- Exercise prompt:
Give back every record word for word, but keep the pictures out.

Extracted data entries
☆ ☆ ☆ ☆

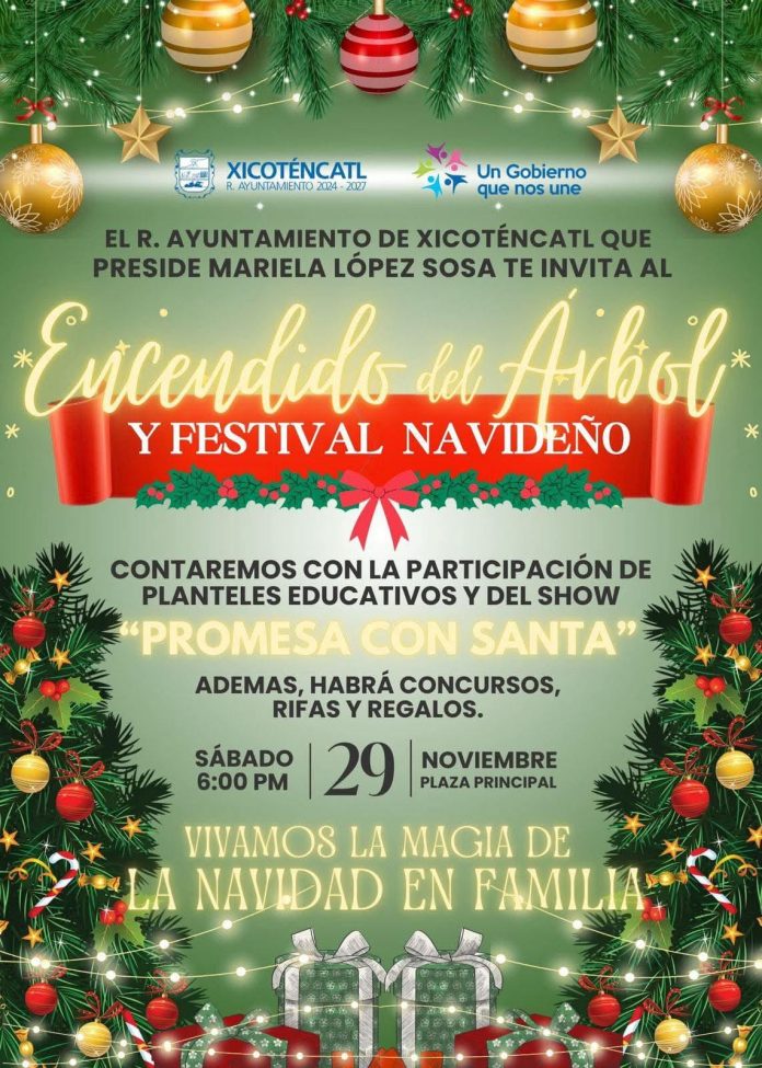 El R. Ayuntamiento de Xicoténcatl, bajo la presidencia de Mariela López Sosa, tiene el honor de invitar a toda la ciudadanía a su gran evento de encendido del árbol y Festival Navideño, con el cual se da inicio formal a las celebraciones de la temporada.
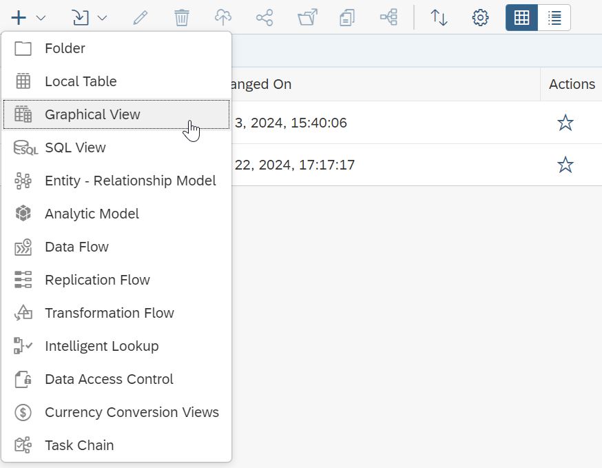 Click on the tab “Views” and here on the “+” Button to open the dropdown menu. Click on “Graphical View”.
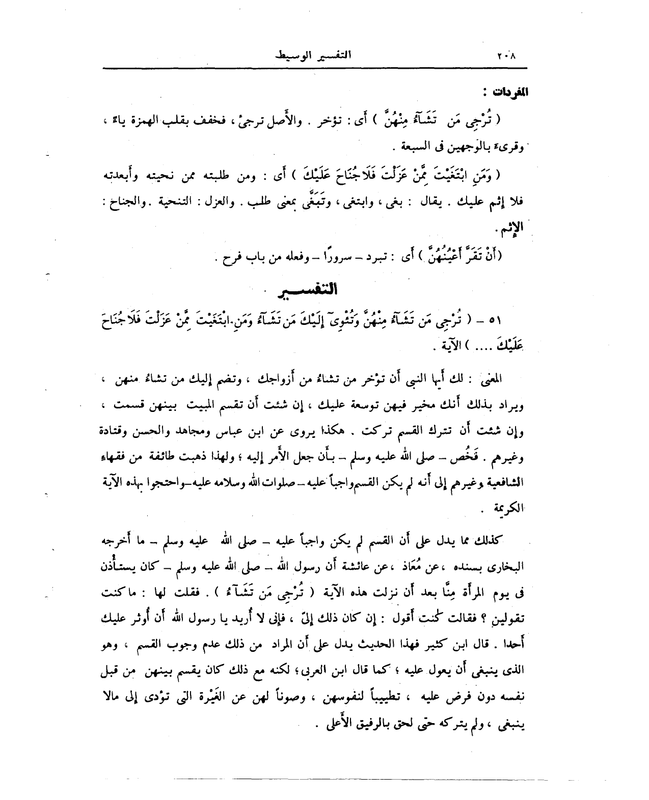 كذلك مما يدل على أن القسم لم يكن واجبًا عليه - صلى الله عليه وسلم - ما أَخرجه البخاري بسنده، عن مُعَاذ، عن عائشة أَن رسول الله - صلى الله عليه وسلم - كان يستأْذن في يوم المرأَة مِنَّا بعد أن نزلت هذه الآية {تُرْجِي مَنْ تَشَاءُ}. فقلت لها: ما كنت تقولين؟ فقالت كنت أقول: إن كان ذلك إليّ، فإني لا أُريد يا رسول الله أن أُوثر عليك أَحدا. قال ابن كثير فهذا الحديث يدل على أن المراد من ذلك عدم وجوب القسم، وهو الذي ينبغي أَن يعول عليه؛ بهما قال ابن العربي؛ لكنه مع ذلك كان يقسم بينهن من قبل نفسه دون فرض عليه، تطييبًا لنفوسهن، وصونًا لهن عن الغَيْرة التي تؤدي إلى ما لا ينبغي، ولم يتركه حتى لحق بالرفيق الأَعلى.
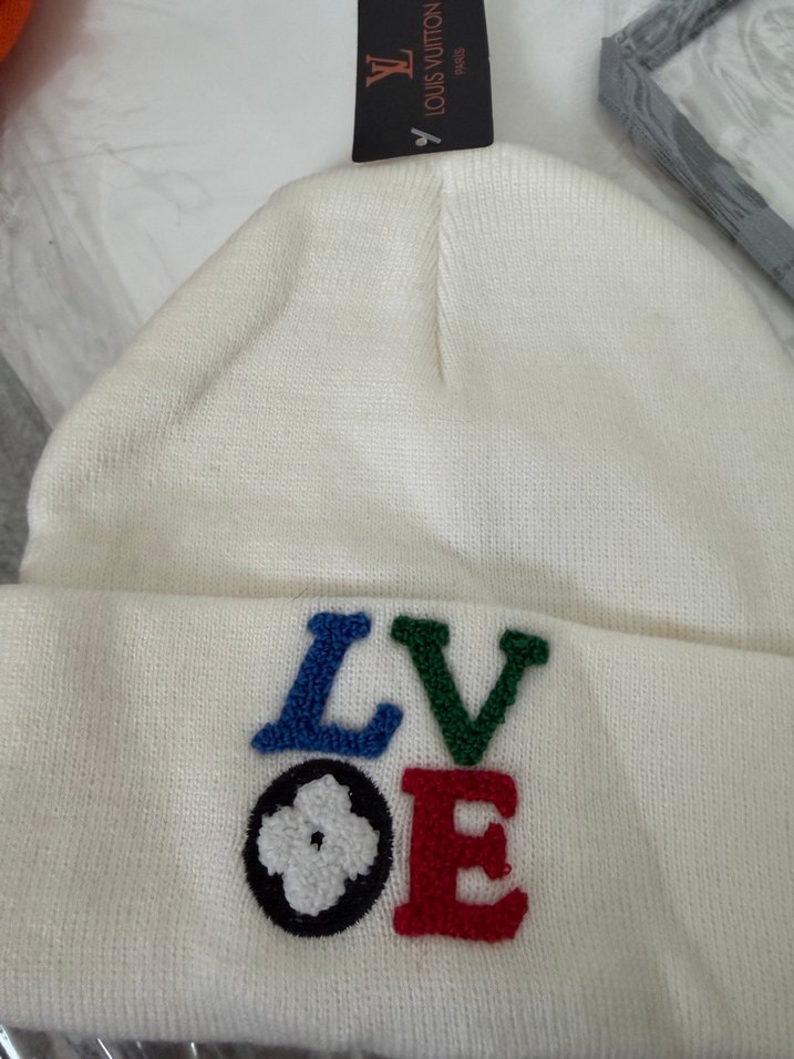 Renkli nakışlı harflerle "LOVE" yazısı bulunan beyaz örme kadın bere, rahat ve sokak modasına uygun bir tasarıma sahiptir. ❄️
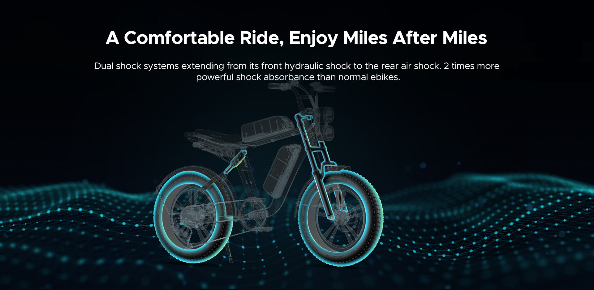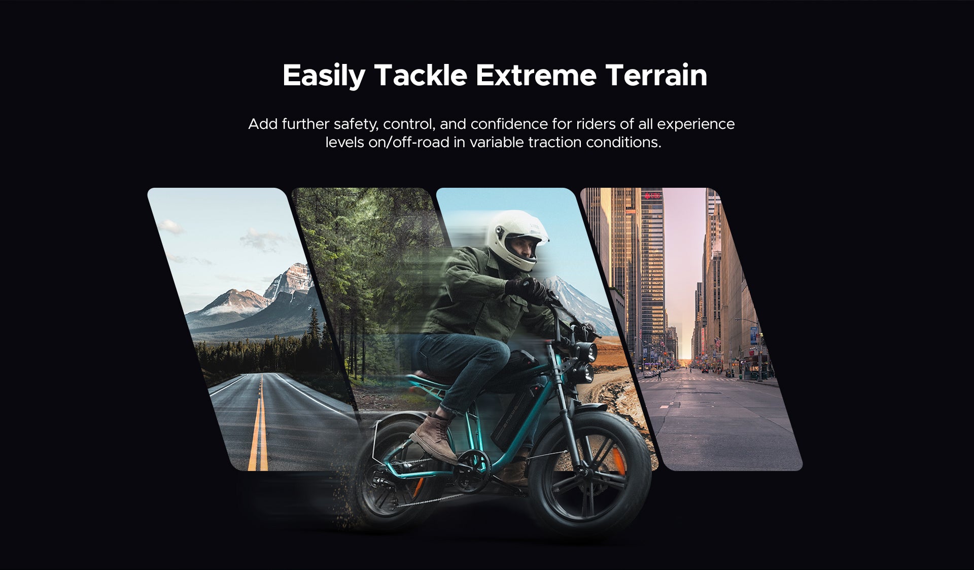 The 20 x 4.0-inch fat tires are equipped with a three-layer design made up of imported rubber, carbon nano braiding, and a butyl rubber inner tube that enables you to travel comfortably on any terrain.
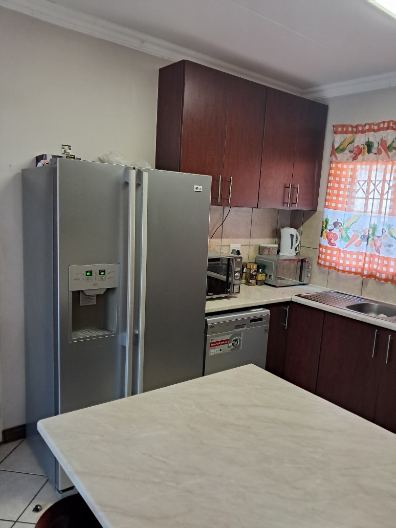 Spacious and beautiful property in a secure estate for sale at Silver Acres Estate. It offers 3 bed en suite, 2 bath, 1 kitchen, 1 living, 1 dining, 1 automated double garage, private garden and all bedrooms on the upper floor. This property is in a secure place and suitable for couples who need a quite area. For viewing make arrangement with Agent.
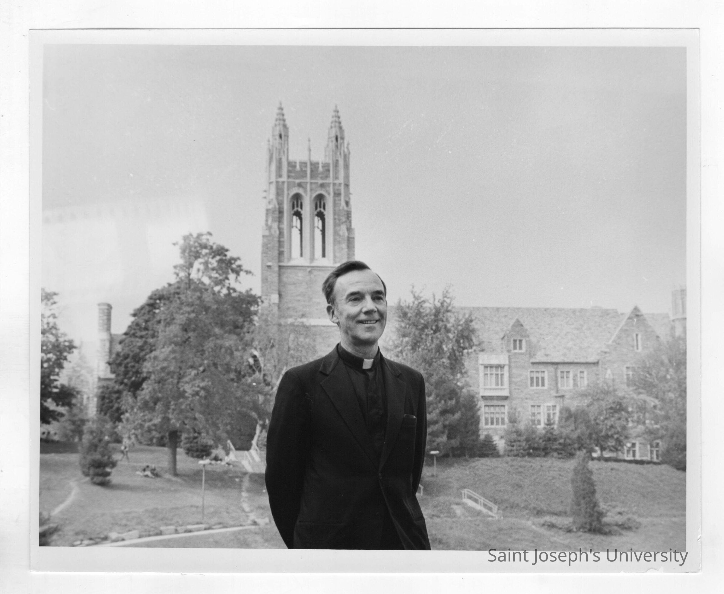 Terrence Toland, S.J., President, SJC, with Barbelin Hall in background.
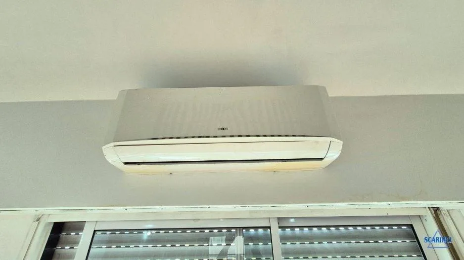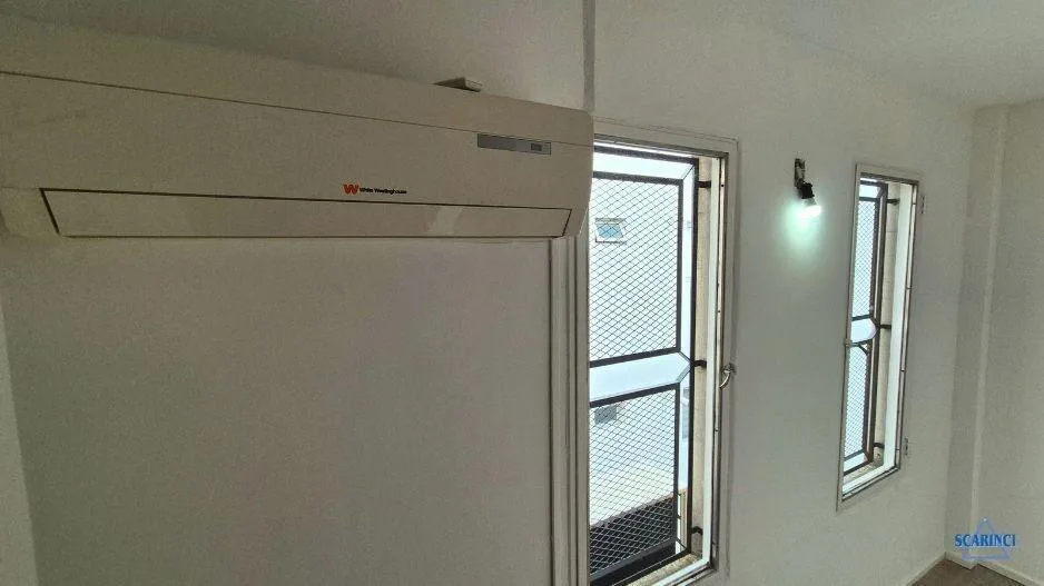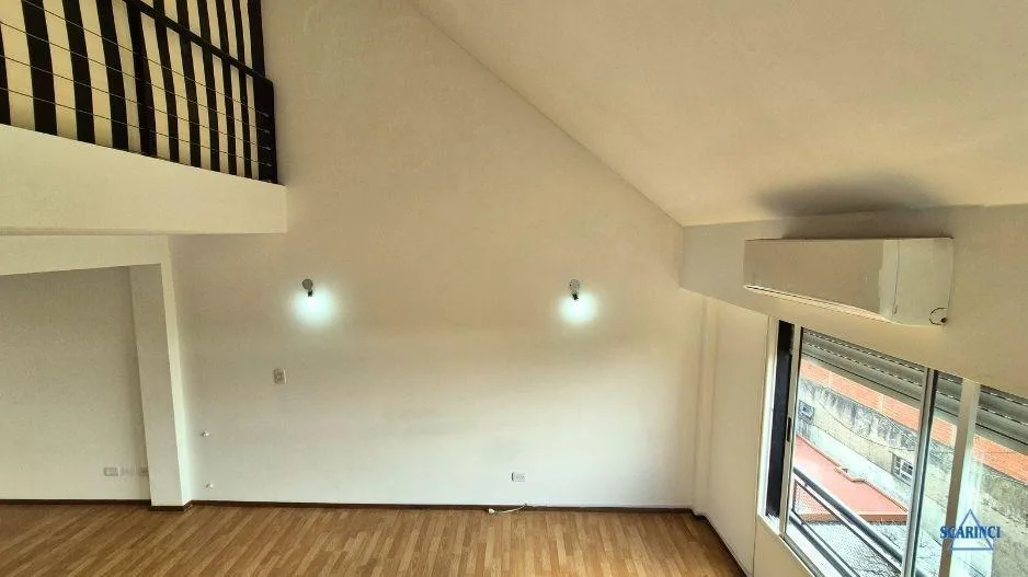 Apartamento duplex de 2 ambientes com 1 quarto, 59 m² totais, no 5º andar, de fundos (contrafrente). Com área social e área privada em dois níveis, a unidade tem cerca de 20 anos e está em bom estado de conservação. O living-comedor no primeiro nível tem ventilação cruzada e janelas nos dois extremos, com piso flutuante e ar-condicionado split frio/quente, além de lavabo. A cozinha integrada é equipada com móveis sob e sobre a bancada, caldeira independente para água quente e conexão para máquin
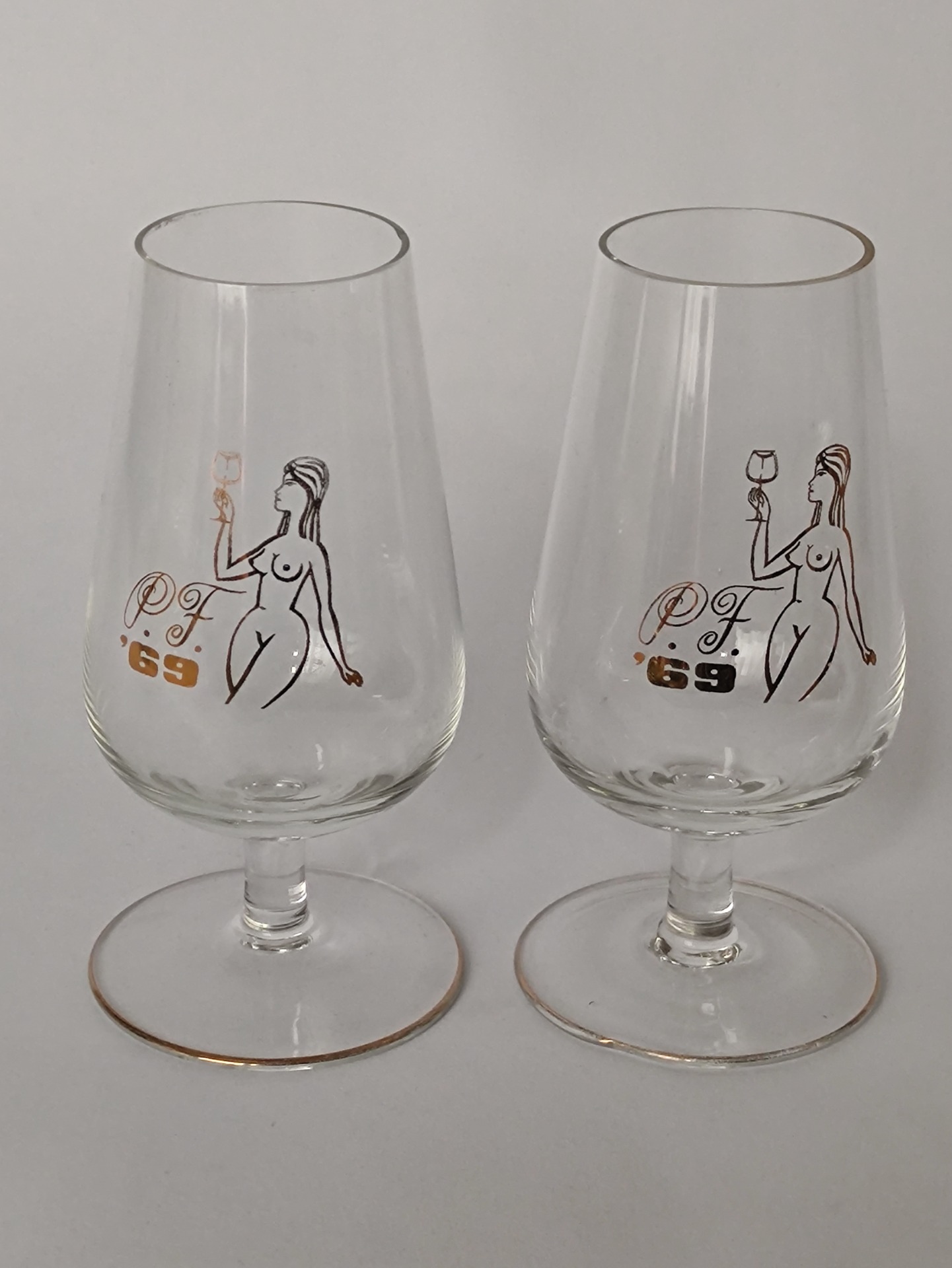 Sklenice v zachovalém stavu, ale již nesou známky stáří a používání. Hladké nedokonalosti na skle a lehce střené zlacení. Mohou být bez obav dále používány.

☆ ☆ ☆ ☆

- Response area:
 El R. Ayuntamiento de Xicoténcatl, bajo la presidencia de Mariela López Sosa, tiene el honor de invitar a toda la ciudadanía a su gran evento de encendido del árbol y Festival Navideño, con el cual se da inicio formal a las celebraciones de la temporada.
 Click on the tab “Views” and here on the “+” Button to open the dropdown menu. Click on “Graphical View”.
 كذلك مما يدل على أن القسم لم يكن واجبًا عليه - صلى الله عليه وسلم - ما أَخرجه البخاري بسنده، عن مُعَاذ، عن عائشة أَن رسول الله - صلى الله عليه وسلم - كان يستأْذن في يوم المرأَة مِنَّا بعد أن نزلت هذه الآية {تُرْجِي مَنْ تَشَاءُ}. فقلت لها: ما كنت تقولين؟ فقالت كنت أقول: إن كان ذلك إليّ، فإني لا أُريد يا رسول الله أن أُوثر عليك أَحدا. قال ابن كثير فهذا الحديث يدل على أن المراد من ذلك عدم وجوب القسم، وهو الذي ينبغي أَن يعول عليه؛ بهما قال ابن العربي؛ لكنه مع ذلك كان يقسم بينهن من قبل نفسه دون فرض عليه، تطييبًا لنفوسهن، وصونًا لهن عن الغَيْرة التي تؤدي إلى ما لا ينبغي، ولم يتركه حتى لحق بالرفيق الأَعلى.
 Renkli nakışlı harflerle "LOVE" yazısı bulunan beyaz örme kadın bere, rahat ve sokak modasına uygun bir tasarıma sahiptir. ❄️
 The 20 x 4.0-inch fat tires are equipped with a three-layer design made up of imported rubber, carbon nano braiding, and a butyl rubber inner tube that enables you to travel comfortably on any terrain.
 Spacious and beautiful property in a secure estate for sale at Silver Acres Estate. It offers 3 bed en suite, 2 bath, 1 kitchen, 1 living, 1 dining, 1 automated double garage, private garden and all bedrooms on the upper floor. This property is in a secure place and suitable for couples who need a quite area. For viewing make arrangement with Agent.
 Terrence Toland, S.J., President, SJC, with Barbelin Hall in background.
 Apartamento duplex de 2 ambientes com 1 quarto, 59 m² totais, no 5º andar, de fundos (contrafrente). Com área social e área privada em dois níveis, a unidade tem cerca de 20 anos e está em bom estado de conservação. O living-comedor no primeiro nível tem ventilação cruzada e janelas nos dois extremos, com piso flutuante e ar-condicionado split frio/quente, além de lavabo. A cozinha integrada é equipada com móveis sob e sobre a bancada, caldeira independente para água quente e conexão para máquin
 Sklenice v zachovalém stavu, ale již nesou známky stáří a používání. Hladké nedokonalosti na skle a lehce střené zlacení. Mohou být bez obav dále používány.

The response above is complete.